Roommate and “human error”
This is also not the episode of the apartment in which President Ayuso, of the RoomMate channel, spent illness, quarantine and part of the confinement. This conflict between the two parties ended with the dismissal of the technical secretary general of social policies, Miguel Ángel Jiménez, a post of Cs.
The truth is that in the PP they suspected when, after having alleged a “human error”, the Transparency Portal of Madrid published a game of more than 800,000 euros for Room Mate, intended for the adaptation of its hotels for deal precisely with the collapse of patients.
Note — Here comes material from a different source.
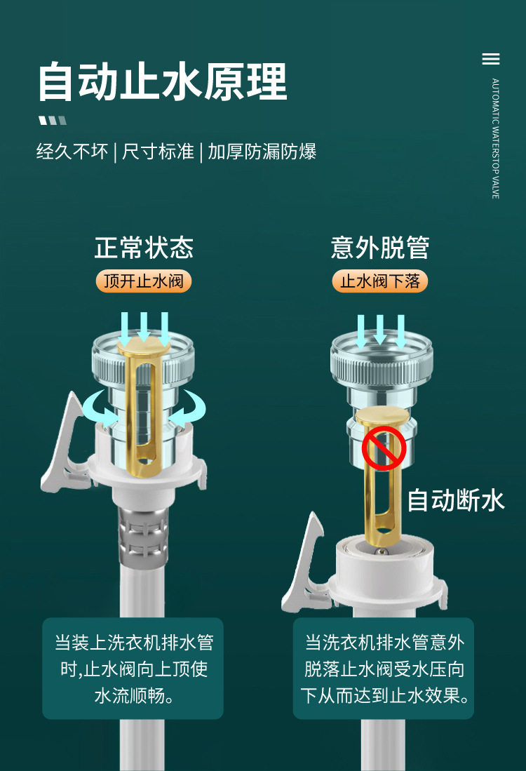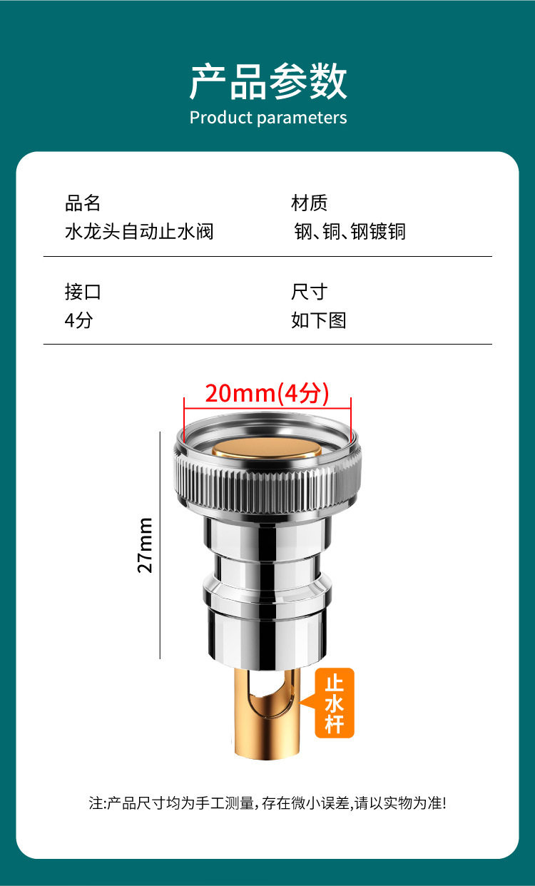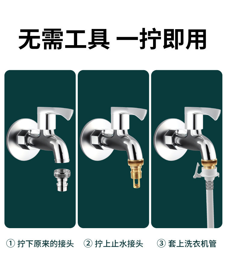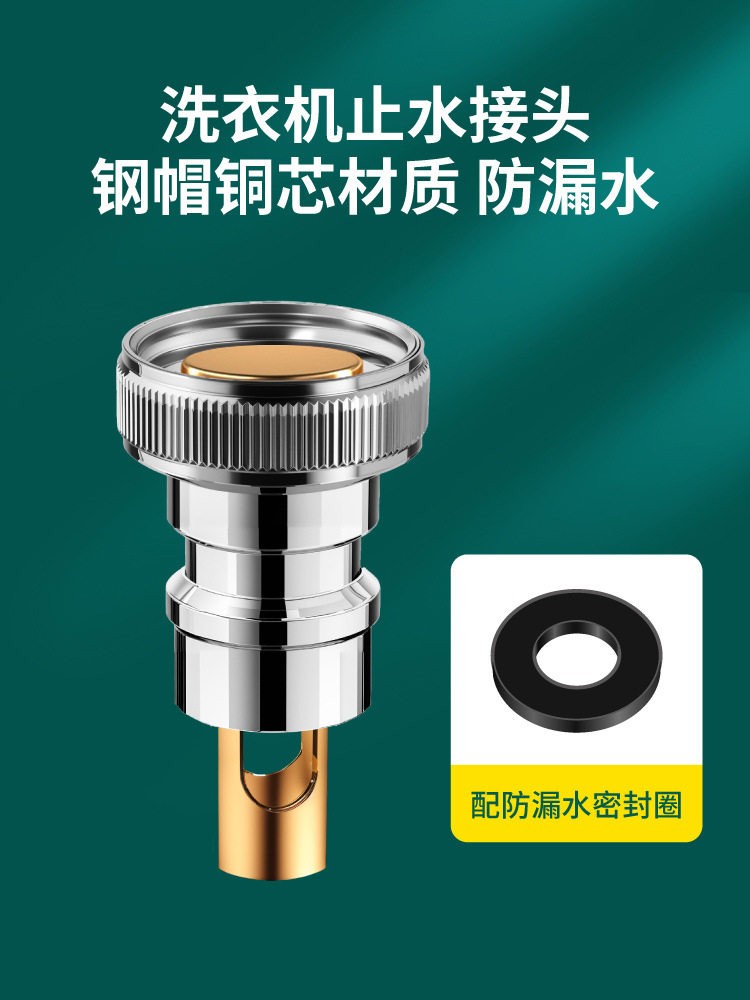 Washing machine faucet automatic water stop valve to prevent falling off water nozzle adapter copper Special household 4 points accessories

In recent times, the Titanic Orchestra has continued to perform, despite the ghost of approving regional budgets – and its concessions to Vox, which citizens would have to swallow – lurking around Sol. It seemed the stumbling block was saved, in orange eyes, though the friction grew because they saw Ayuso as ruling “as if he had an absolute majority” and boycotted him herself.
But the final lace was about to arrive: it all happened in a matter of hours. When it seemed like everything was calming down, the final storm unleashed. Ayuso dissolves the Assembly, the Table – chaired by Cs – called the motions of censure presented and, now, clearly, this broken marriage will end like any other: in court.